A scientist at the US Department of Energy’s Brookhaven National Laboratory has developed a safer, easier, and more environmentally friendly way to create a certain experimental type of superconductor.
This new synthesis process facilitates the study of superconductors, which are already used in medical imaging machines and are expected to improve the efficiency of computer chips, electrical transmission lines and many other devices.
Previously, the only method used to create the superconductor, called sodium cobalt oxyhydrate, required working with volatile and flammable liquids. The production process also created a lot of unwanted chemical waste. Now, Brookhaven chemist Sangmoon Park has devised a cleaner method for synthesising large quantities of the superconductor using plain water.
‘We prepared the superconductor using an alternate route that does not require the special precautions necessary to handle hazardous substances,’ said Park. ‘Also, this method allows us to synthesise large amounts of the material, which will make it easier for us to further analyse its properties.’
Unlike metal and metal-compound superconductors, sodium cobalt oxyhydrate is unusual because it contains water. In 2003 researchers discovered it was the addition of water to the initial cobalt-oxygen compound (cobalt oxide), that induced its superconducting properties.
Because scientists have been looking for ways to turn other metal oxides into superconductors, this discovery, coupled with Park’s safer method of producing the material, may open a door to a new avenue in superconductor research. For example, because common metal-compound superconductors are brittle and cannot be made into certain forms, such as pliable wire, studying water-based superconductors may lead to materials that are less mechanically restrictive.
The present material does have some drawbacks, particularly its tendency to dry out and lose its superconductivity, making it inconvenient to work with. But using Park’s new synthesis method, the researchers plan to look for additional, similar superconductors, such as those that contain lithium, potassium, rubidium, or cesium in place of sodium, to see if they can be produced as efficiently and safely, without the need for special care.
To synthesise the superconductor, Park dissolved a powdery compound made of sodium, sulphur, and oxygen into water, which caused positively charged sodium ions and negatively charged molecules of a sodium-oxygen compound, called sulphate ions, to separate from the original compound.
This solution was then mixed with another compound composed of sodium, cobalt, and oxygen. The resulting reaction, which generated no waste, created the superconducting material. The structure of the material and the precise amounts of these components, particularly the sodium and water, give the material its superconducting properties.
At the molecular level, the superconductor consists of hexagon-shaped layers: The cobalt oxide forms one type of layer, while the sodium and water, together, form another.
To learn about the properties of this configuration, the material was subjected to pressure that altered and distorted the layer structure. Because the material loses moisture easily and must be contained in a wet environment, the pressure was applied after first surrounding the material with a liquid mixture of alcohol and water.
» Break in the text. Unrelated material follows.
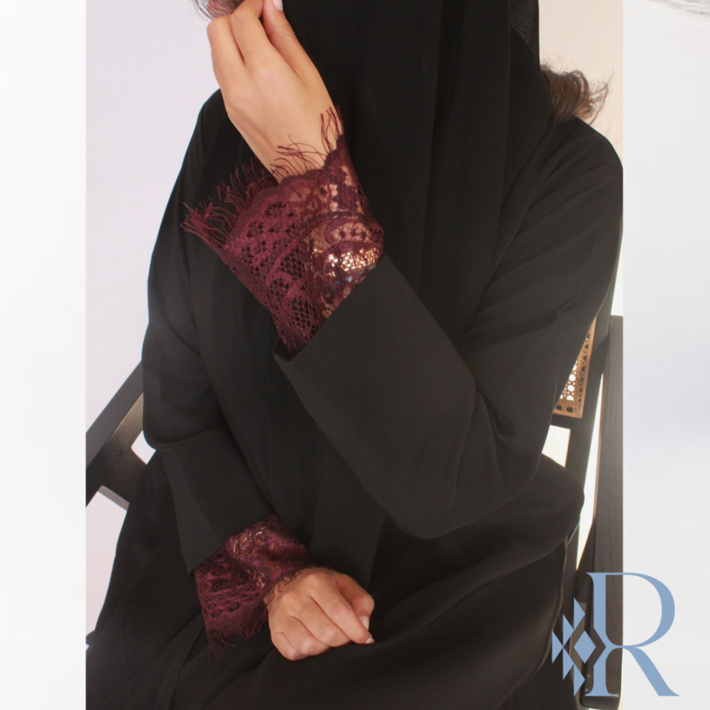 قماش العباية:كريب-دانتيل(يمكن تبطين الاكمام)

The pressure then forced alcohol or water molecules to nestle between the layers, causing them to expand and distort. Adding these extra molecules into the material, which increases the thickness of the sodium/water layers, may further alter its behaviour.
As the pressure was increased, the distortion process was studied using x-ray diffraction at the National Synchrotron Light Source (NSLS) at Brookhaven Lab. Yongjae Lee, also of the Materials Synthesis and Characterization Group, shined x-rays at the material using NSLS beam line X7A and measured how the rays bent as they passed through it.
They found that, even at very low pressures, the structure of the superconductor changed significantly. Now, Park and his colleagues plan to investigate how these structural changes affect the material’s superconductivity.
‘Since the discovery of sodium cobalt oxyhydrate, we’ve been interested in this series of materials that have cobalt oxide layers, and how and why they show superconducting properties, or why they don’t,’ Park said. ‘We plan to look at the rest of the series to understand which ones are superconductors.’